RECORDS TO USE Start Marker
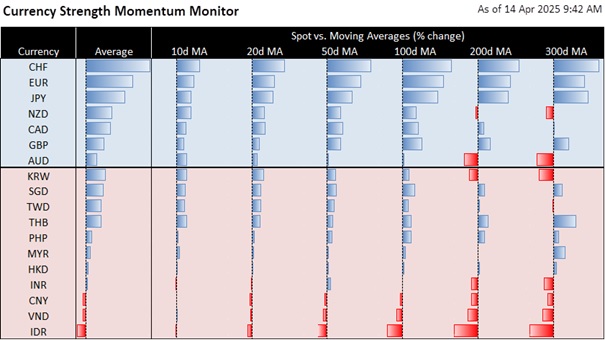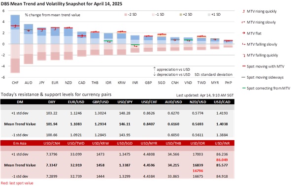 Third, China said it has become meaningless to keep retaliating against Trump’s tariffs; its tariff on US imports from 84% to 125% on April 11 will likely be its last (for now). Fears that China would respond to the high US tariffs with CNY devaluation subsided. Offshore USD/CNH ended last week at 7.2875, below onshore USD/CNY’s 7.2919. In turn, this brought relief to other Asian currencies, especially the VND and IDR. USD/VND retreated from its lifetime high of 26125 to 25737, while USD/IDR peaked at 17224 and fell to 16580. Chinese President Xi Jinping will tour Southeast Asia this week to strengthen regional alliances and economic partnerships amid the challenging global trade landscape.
RECORDS TO USE End Marker
RECORDS TO USE Start Marker
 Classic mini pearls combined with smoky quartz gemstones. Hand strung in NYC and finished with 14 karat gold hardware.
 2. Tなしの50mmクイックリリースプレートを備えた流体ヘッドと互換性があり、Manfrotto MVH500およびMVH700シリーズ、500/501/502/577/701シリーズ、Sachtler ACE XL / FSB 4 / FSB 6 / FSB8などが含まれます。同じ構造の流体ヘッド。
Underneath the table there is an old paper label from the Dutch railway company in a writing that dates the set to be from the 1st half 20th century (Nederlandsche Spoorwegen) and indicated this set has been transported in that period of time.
RECORDS TO USE End Marker
Produce only the lines from the line containing "Classic mini pearls" through the line containing "Underneath the table", inclusive of both, exactly as they stand in the entries above.

 Classic mini pearls combined with smoky quartz gemstones. Hand strung in NYC and finished with 14 karat gold hardware.
 2. Tなしの50mmクイックリリースプレートを備えた流体ヘッドと互換性があり、Manfrotto MVH500およびMVH700シリーズ、500/501/502/577/701シリーズ、Sachtler ACE XL / FSB 4 / FSB 6 / FSB8などが含まれます。同じ構造の流体ヘッド。
Underneath the table there is an old paper label from the Dutch railway company in a writing that dates the set to be from the 1st half 20th century (Nederlandsche Spoorwegen) and indicated this set has been transported in that period of time.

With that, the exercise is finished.